Dataset content »

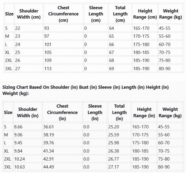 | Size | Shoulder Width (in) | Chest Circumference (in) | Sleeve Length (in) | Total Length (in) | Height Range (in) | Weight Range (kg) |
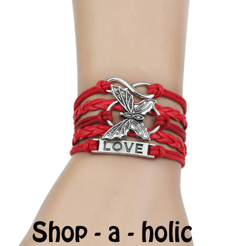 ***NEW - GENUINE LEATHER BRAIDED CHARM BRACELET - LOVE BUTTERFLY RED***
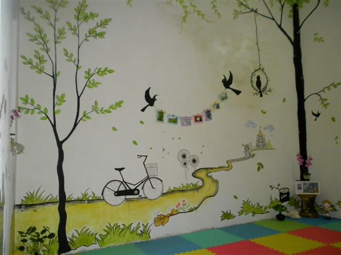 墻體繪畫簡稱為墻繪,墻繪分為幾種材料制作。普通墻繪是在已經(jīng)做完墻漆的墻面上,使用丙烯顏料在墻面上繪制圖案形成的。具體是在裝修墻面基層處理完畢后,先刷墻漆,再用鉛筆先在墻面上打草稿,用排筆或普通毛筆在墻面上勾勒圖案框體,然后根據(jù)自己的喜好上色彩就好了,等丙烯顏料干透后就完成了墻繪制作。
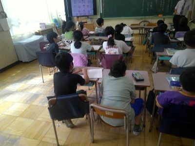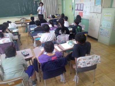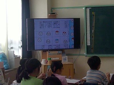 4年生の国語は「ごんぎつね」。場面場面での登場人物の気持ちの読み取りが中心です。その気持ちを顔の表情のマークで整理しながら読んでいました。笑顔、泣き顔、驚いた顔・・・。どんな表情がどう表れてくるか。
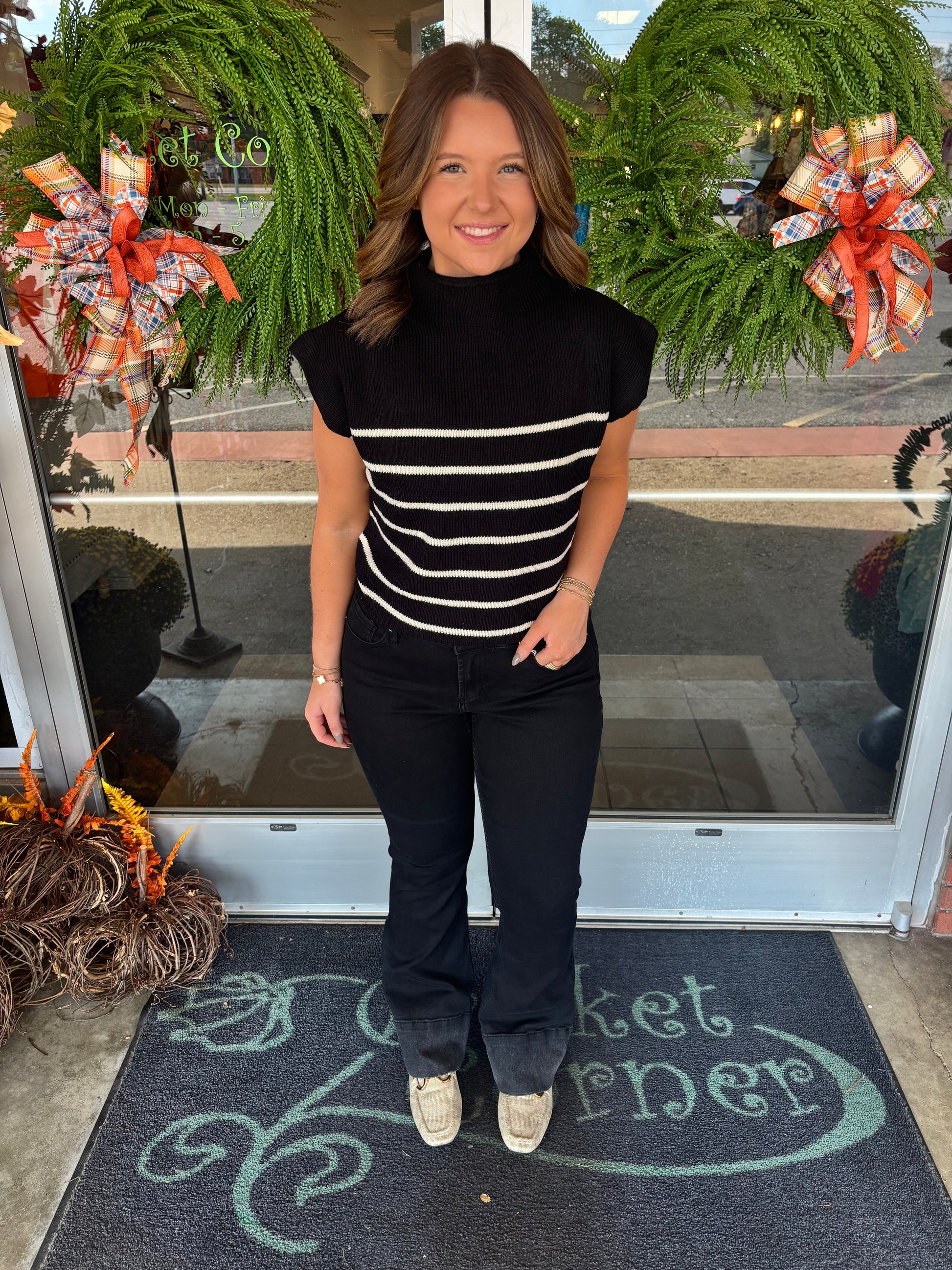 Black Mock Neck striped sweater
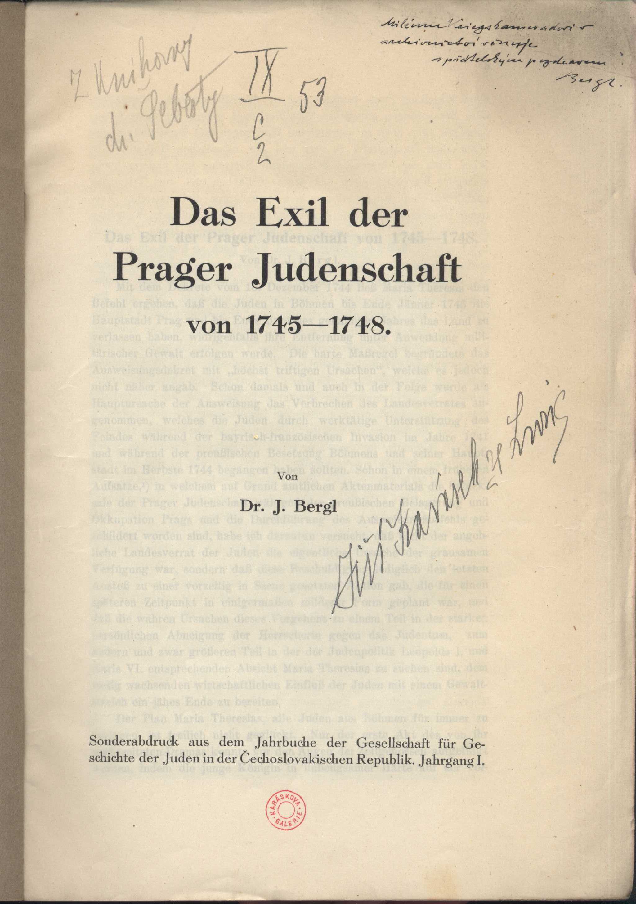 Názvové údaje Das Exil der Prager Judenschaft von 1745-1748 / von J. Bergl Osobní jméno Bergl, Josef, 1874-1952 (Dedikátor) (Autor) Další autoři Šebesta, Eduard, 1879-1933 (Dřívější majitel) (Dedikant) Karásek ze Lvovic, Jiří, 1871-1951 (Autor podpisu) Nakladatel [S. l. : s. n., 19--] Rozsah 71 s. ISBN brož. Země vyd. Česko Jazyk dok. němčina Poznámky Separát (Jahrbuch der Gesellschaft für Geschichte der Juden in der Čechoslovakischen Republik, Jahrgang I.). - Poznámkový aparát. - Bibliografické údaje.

---

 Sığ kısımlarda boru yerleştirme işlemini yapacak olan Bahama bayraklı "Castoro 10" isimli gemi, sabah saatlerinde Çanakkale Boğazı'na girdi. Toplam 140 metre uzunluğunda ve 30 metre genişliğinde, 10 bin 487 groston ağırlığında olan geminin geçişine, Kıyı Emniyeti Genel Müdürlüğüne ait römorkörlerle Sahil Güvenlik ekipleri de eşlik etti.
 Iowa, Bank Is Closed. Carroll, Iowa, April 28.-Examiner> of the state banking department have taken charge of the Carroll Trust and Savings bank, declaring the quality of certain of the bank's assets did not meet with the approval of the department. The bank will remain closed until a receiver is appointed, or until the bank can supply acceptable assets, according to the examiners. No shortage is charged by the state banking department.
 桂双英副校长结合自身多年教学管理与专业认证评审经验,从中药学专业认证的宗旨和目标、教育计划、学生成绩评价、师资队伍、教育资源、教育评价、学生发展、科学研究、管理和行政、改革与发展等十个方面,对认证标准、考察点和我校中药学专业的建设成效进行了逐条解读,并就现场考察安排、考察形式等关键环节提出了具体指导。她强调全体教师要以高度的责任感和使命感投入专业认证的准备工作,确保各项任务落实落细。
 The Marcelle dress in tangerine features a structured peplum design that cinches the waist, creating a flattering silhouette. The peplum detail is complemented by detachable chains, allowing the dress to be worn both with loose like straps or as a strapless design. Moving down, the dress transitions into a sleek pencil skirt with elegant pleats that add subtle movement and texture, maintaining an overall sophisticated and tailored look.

...

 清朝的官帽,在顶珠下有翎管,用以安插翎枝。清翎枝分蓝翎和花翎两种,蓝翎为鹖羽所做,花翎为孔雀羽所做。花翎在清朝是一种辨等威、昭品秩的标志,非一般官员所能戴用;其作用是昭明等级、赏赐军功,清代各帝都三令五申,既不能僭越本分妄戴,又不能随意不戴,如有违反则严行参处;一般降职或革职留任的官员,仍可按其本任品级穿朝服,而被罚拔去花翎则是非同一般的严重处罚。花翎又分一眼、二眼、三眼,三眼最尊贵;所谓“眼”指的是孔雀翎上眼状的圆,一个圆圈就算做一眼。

What needs to be done » Each line between the one holding "Range (kg) |" and the one holding "LOVE BUTTERFLY RED***", inclusive, should be copied exactly as it appears above, and pictures should be omitted.

Your response »
 | Size | Shoulder Width (in) | Chest Circumference (in) | Sleeve Length (in) | Total Length (in) | Height Range (in) | Weight Range (kg) |
 ***NEW - GENUINE LEATHER BRAIDED CHARM BRACELET - LOVE BUTTERFLY RED***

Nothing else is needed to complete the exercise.